San Francisco, California

A Confederation of Tools for Capturing and Accessing

Collaborative Activity

Scott Minneman

Xerox Palo Alto Research Center (PARC)

3333 Coyote Hill Road

Palo Alto, California 94304



Steve Harrison, Bill Janssen, Thomas Moran

Xerox PARC

{harrison, janssen, moran}@parc.xerox.com

Gordon Kurtenbach

Now at: Alias Research


Ian Smith

Now at: GVU Center, Georgia Tech iansmith@cc.gatech.edu ACM Copyright Notice Abstract This paper presents a confederation of tools, called Coral, that combine to support the real-time capture of and subsequent access to informal collaborative activities. The tools provide the means to initiate digital multimedia recordings, a variety of methods to index those recordings, and ways to retrieve the indexed material in other settings.
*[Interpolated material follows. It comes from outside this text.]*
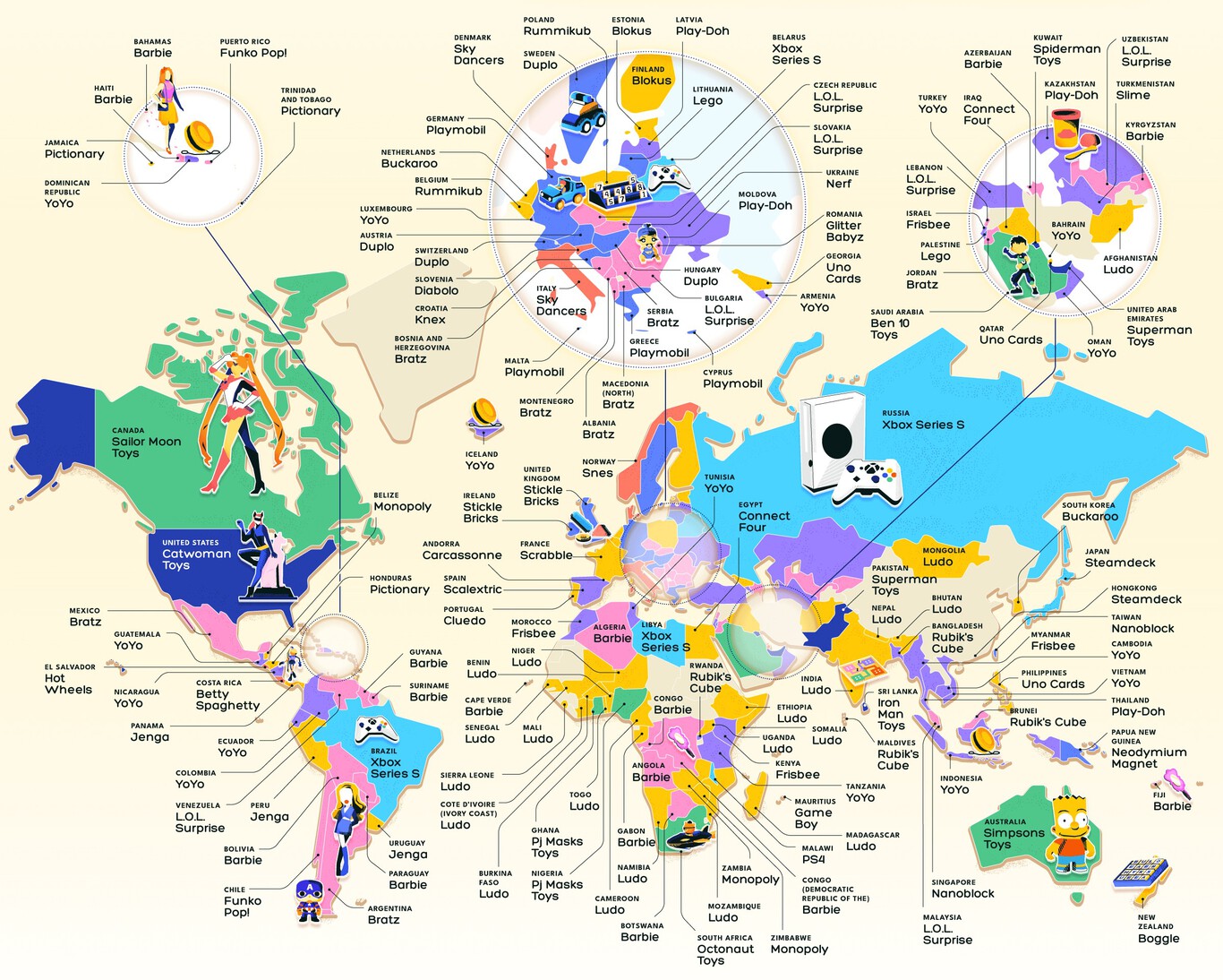 De acuerdo con la investigación y reporte realizados por The Toy Zone, Ludo se ha colocado en el puesto número uno de los juguetes más populares en el mundo, gracias a su preferencia en 20 países. Pero Barbie no ha quedado muy atrás, ya que se ubica en el segundo lugar, empatado con otro juguete clásico: el yoyo o yoyó, ambos favoritos en 16 países.

The current system emerged from a convergence of the WhereWereWe multimedia work, the Tivoli LiveBoard application, and the Inter-Language Unification distributed-object programming infrastructure. We are working with a specific user community and application domain, which has helped us shape a particular, demonstrably useful, configuration of tools and to get extensive real-world experience with them. This domain involves frequent discussion and decision-making meetings and later access of the captured records of those meetings to produce accurate documentation. Several aspects of Coral--the application tools, the architecture of the confederation, and the multimedia infrastructure--are described.

Table of Contents Abstract Introduction Activity Capture and Access Description of the Application Domain and the Work Settings Supporting the Work Settings Results of Using the Tools in This Domain The Coral Architecture Inter-Language Unification (ILU) and WhereWereWe WhereWereWe Model Description of Two Primary Tools Tivoli WEmacs Discussion: A Broader Range of Uses Other Tools Pedals Speaker Identification PARCTab Marking Marquee Discussion: Infrastructure and Tools Related Work Summary Acknowledgments References KEYWORDS: activity capture, digital audio and video, CSCW, real-time indexing, content- and context-based indexing and retrieval, usability, user interfaces, distributed multimedia systems Introduction Much of the work of groups, even in such orderly settings as structured meetings, takes the form of casual interaction-the give-and-take of conversational exchanges whereby a group comes to a shared understanding of the technical, process, and relational facets of their work [Minneman, 1991]. This casual activity is poorly supported by most computational tools, which tend to focus on the outcomes of such activity, while ignoring much of how the group arrived at those outcomes. Furthermore, many attempts to gather such information end up formalizing the activity, making the participants conform to a way of working that suits the computer rather than supporting their natural work practices.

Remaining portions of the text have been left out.